_Try it_. The answer is to be the lines below that lie between the line holding "C36241663 Red Agate" and the line holding "Dans ce second", inclusive, transcribed exactly and free of pictures.

[Entries supplied — start]

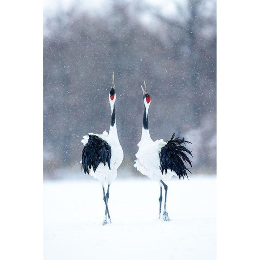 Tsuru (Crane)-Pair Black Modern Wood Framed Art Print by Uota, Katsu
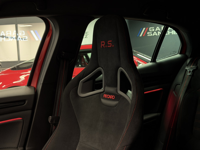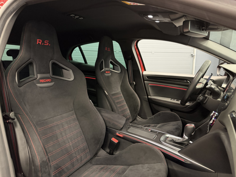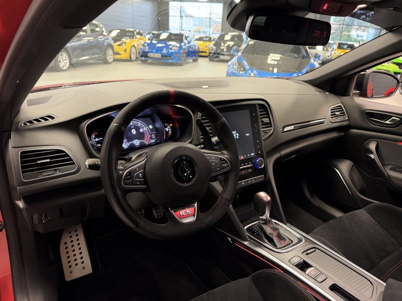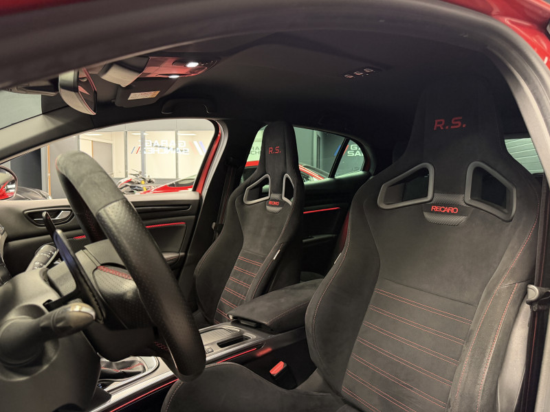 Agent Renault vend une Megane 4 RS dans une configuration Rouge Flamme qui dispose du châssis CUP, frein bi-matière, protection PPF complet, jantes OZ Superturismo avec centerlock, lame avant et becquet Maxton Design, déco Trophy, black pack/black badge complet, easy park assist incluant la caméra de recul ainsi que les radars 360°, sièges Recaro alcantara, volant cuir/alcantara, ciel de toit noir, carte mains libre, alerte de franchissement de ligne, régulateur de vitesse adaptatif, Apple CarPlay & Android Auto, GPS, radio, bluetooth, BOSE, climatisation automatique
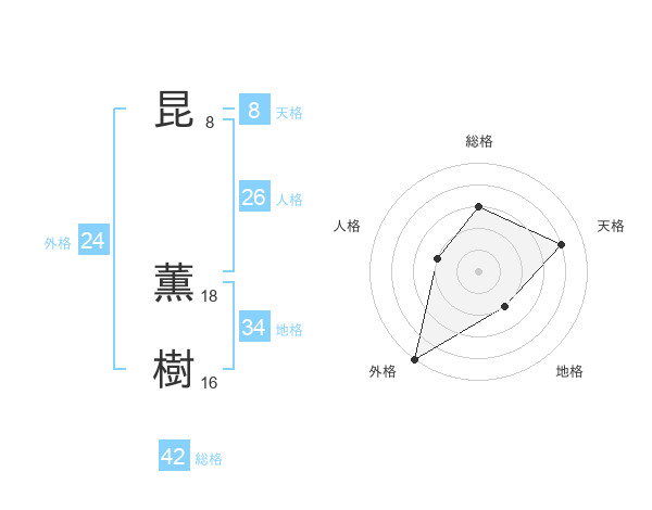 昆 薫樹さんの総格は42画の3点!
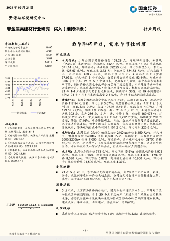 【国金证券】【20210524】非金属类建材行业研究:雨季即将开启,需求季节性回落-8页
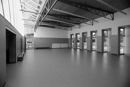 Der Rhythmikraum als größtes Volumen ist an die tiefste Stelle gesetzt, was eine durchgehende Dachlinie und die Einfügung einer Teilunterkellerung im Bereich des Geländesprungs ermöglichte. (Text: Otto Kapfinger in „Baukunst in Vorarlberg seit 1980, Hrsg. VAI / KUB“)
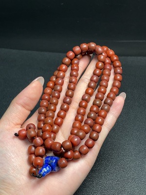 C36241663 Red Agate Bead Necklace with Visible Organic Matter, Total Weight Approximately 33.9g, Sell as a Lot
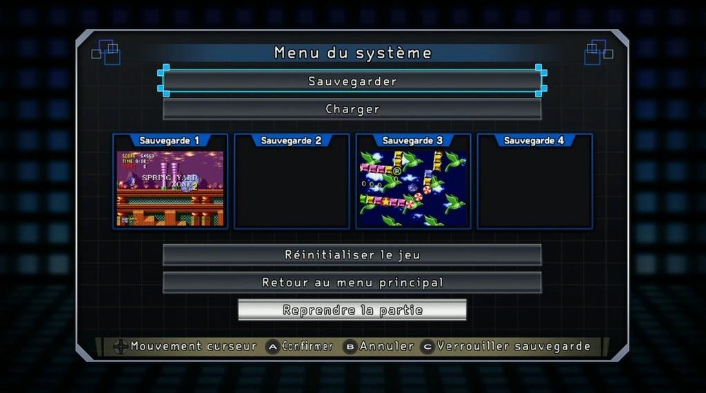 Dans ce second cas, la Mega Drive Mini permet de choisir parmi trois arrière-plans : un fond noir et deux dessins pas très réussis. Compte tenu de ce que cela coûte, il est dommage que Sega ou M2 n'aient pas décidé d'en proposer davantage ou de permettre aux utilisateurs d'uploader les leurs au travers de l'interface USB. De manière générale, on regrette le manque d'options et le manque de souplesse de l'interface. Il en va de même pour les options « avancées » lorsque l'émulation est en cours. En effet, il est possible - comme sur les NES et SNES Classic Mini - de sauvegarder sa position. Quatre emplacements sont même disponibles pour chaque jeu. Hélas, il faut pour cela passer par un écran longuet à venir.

[Entries supplied — finish]
[Entries supplied — start]

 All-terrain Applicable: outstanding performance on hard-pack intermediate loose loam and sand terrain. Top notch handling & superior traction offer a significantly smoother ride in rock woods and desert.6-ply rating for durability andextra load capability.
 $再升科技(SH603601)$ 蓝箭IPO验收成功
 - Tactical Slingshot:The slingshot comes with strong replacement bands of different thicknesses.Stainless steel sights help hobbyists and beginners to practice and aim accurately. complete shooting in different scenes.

[Entries supplied — finish]
[Entries supplied — start]

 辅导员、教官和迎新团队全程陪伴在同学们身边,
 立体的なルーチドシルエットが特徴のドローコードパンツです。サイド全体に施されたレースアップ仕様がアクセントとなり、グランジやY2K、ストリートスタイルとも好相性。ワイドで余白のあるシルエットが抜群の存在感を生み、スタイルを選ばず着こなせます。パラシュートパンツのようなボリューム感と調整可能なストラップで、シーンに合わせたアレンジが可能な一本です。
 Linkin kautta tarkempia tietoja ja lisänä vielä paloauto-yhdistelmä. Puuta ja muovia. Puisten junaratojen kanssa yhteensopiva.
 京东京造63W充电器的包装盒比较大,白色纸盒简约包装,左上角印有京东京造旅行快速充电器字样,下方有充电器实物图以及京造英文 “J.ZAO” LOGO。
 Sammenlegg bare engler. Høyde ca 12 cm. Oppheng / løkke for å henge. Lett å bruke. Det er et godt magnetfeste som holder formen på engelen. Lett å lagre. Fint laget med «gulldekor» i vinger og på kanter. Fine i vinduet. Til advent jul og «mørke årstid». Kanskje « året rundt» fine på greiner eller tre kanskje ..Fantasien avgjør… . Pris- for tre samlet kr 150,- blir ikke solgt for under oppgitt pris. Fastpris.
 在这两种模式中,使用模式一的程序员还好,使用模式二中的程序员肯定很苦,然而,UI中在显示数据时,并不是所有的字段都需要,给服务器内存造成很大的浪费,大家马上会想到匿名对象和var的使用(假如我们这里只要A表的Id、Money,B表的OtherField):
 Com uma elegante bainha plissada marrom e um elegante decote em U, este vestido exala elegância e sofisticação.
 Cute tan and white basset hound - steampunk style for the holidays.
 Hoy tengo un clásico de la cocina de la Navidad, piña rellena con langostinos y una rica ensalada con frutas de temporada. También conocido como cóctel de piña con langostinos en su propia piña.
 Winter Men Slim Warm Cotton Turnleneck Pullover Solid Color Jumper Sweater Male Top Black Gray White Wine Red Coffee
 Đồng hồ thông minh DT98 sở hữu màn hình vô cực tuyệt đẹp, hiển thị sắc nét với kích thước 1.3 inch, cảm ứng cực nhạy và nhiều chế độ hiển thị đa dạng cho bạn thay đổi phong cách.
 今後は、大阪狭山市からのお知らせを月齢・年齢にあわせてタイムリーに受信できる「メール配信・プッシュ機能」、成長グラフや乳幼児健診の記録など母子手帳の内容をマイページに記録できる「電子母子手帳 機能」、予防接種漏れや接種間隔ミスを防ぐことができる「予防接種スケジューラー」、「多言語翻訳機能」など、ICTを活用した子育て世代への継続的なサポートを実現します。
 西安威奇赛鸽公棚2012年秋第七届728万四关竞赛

[Entries supplied — finish]

_Solution to the exercise_.
 C36241663 Red Agate Bead Necklace with Visible Organic Matter, Total Weight Approximately 33.9g, Sell as a Lot
 Dans ce second cas, la Mega Drive Mini permet de choisir parmi trois arrière-plans : un fond noir et deux dessins pas très réussis. Compte tenu de ce que cela coûte, il est dommage que Sega ou M2 n'aient pas décidé d'en proposer davantage ou de permettre aux utilisateurs d'uploader les leurs au travers de l'interface USB. De manière générale, on regrette le manque d'options et le manque de souplesse de l'interface. Il en va de même pour les options « avancées » lorsque l'émulation est en cours. En effet, il est possible - comme sur les NES et SNES Classic Mini - de sauvegarder sa position. Quatre emplacements sont même disponibles pour chaque jeu. Hélas, il faut pour cela passer par un écran longuet à venir.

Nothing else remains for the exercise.